Now you can run repair tools against the image, or keep the image as a safety net while you repair the original. Pro Tip: If you hear clicking or dmesg shows I/O errors and pending sectors, stop using the drive immediately and image it first. Every fsck pass on dying hardware accelerates the failure — copy the bits off before you do anything else.

Read the errors, then decide

fsck errors fall into a few buckets: bad inodes, unattached inodes (they land in lost+found), incorrect block counts, and superblock damage. The interpretation matters because the fix differs. For superblock corruption specifically, ext4 keeps backups:

sudo dumpe2fs /dev/sdb1 | grep -i superblock   # lists backup locations
sudo fsck.ext4 -b 32768 /dev/sdb1              # use a backup superblock

This is a great moment to use AI as an interpreter. Paste the error block and ask it to classify the damage and explain what a backup superblock even is. The incident response helper is also built for exactly this — feed it the symptoms and it suggests an investigation path. But the model interprets; you decide whether to write to the disk, because only you know whether there’s a backup and what the data is worth.

Run the repair deliberately

Once you understand the damage and have an image, run the real repair. For ext4, run it without -y the first time if you can stand to answer prompts — blindly answering yes to “clone multiply-claimed blocks?” can be exactly wrong:

sudo fsck.ext4 /dev/sdb1       # interactive, you approve each fix

For XFS, drop the -n once you’ve reviewed the dry run:

sudo xfs_repair /dev/sdb1

If xfs_repair complains it can’t proceed because of a dirty log, it’ll tell you to mount and unmount to replay the log first — do exactly that, don’t reach straight for -L, which zeroes the log and will lose in-flight data. This is precisely where an over-eager AI suggestion (“just run xfs_repair -L”) can ruin your day. Verify the recommendation against the tool’s own guidance before you destroy the log.
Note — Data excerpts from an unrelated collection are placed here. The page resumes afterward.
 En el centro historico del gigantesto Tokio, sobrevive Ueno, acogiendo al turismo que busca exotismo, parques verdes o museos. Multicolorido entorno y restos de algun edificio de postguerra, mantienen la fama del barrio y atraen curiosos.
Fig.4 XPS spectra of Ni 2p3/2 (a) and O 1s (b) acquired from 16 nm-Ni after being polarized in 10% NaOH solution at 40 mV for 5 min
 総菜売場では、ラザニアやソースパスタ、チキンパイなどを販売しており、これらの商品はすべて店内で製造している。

After the repair: verify and watch the hardware

A clean fsck run doesn’t mean a healthy disk. Check what lost+found caught, remount read-only, and look at SMART data:

sudo mount -o ro /dev/sdb1 /mnt/check
ls -la /mnt/check/lost+found
sudo smartctl -a /dev/sdb | grep -iE "reallocated|pending|uncorrect"
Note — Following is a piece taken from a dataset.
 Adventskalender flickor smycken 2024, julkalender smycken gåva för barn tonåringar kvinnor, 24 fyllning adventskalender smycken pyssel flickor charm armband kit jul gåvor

If reallocated or pending sector counts are climbing, the filesystem was a symptom and the disk is the disease — plan a replacement. You can hand the SMART output to the AI to summarize the failure indicators, then take that summary to your own judgment about replacement. The monitoring alerts helper is useful for turning recurring I/O errors into an alert rule so the next failing disk announces itself before it drops you to a rescue shell.

Keep AI out of the write path

The through-line of every filesystem recovery: AI reads, humans write. The model can classify damage, explain a backup superblock, and draft the repair sequence — all enormously helpful when you’re stressed. It must never have credentials to your box and must never be the thing that runs a command that mutates a disk. Filesystem repair is irreversible in a way config edits aren’t, and that’s exactly the work that needs a human who understands the stakes holding the keyboard. I keep my vetted recovery checklists in the prompt packs and broader prompts library so the next emergency starts from a calm, known-good sequence.

Conclusion

Corrupted filesystems are recoverable far more often than people fear — but only if you slow down. Confirm the type, unmount, dry-run with -n, image anything valuable, and read before you write. AI is a superb calm second reader for the dense output and a fast drafter of the repair plan. The decision to actually write to the disk stays with you, every time.